■ ABOUT THIS EXERCISE: No image is to be carried over; reproduce the rest of the listing word for word.

■ DATASET EXCERPT:
━━━━━━━━━━━━━━━━━━━━━━━━━━━━━━

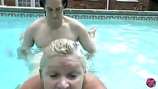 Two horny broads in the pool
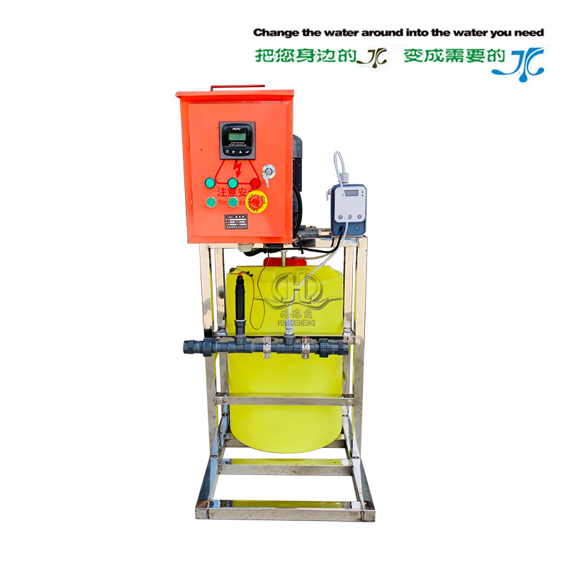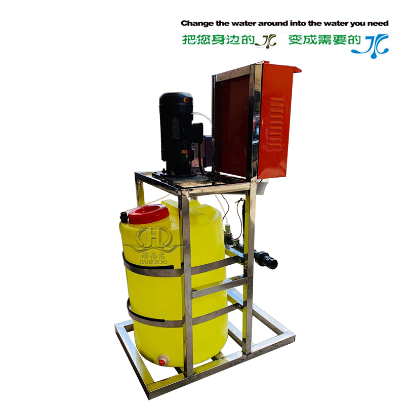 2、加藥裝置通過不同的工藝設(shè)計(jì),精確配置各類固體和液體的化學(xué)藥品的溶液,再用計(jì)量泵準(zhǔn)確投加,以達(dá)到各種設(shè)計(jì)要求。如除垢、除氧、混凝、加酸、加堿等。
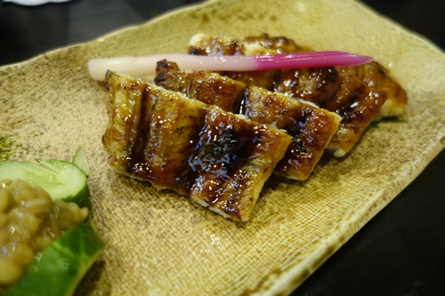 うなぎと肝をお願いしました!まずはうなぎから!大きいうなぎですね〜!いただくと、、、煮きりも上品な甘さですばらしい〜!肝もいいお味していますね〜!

━━━━━━━━━━━━━━━━━━━━━━━━━━━━━━

■ RESPONSE AREA:
 Two horny broads in the pool
 2、加藥裝置通過不同的工藝設(shè)計(jì),精確配置各類固體和液體的化學(xué)藥品的溶液,再用計(jì)量泵準(zhǔn)確投加,以達(dá)到各種設(shè)計(jì)要求。如除垢、除氧、混凝、加酸、加堿等。
 うなぎと肝をお願いしました!まずはうなぎから!大きいうなぎですね〜!いただくと、、、煮きりも上品な甘さですばらしい〜!肝もいいお味していますね〜!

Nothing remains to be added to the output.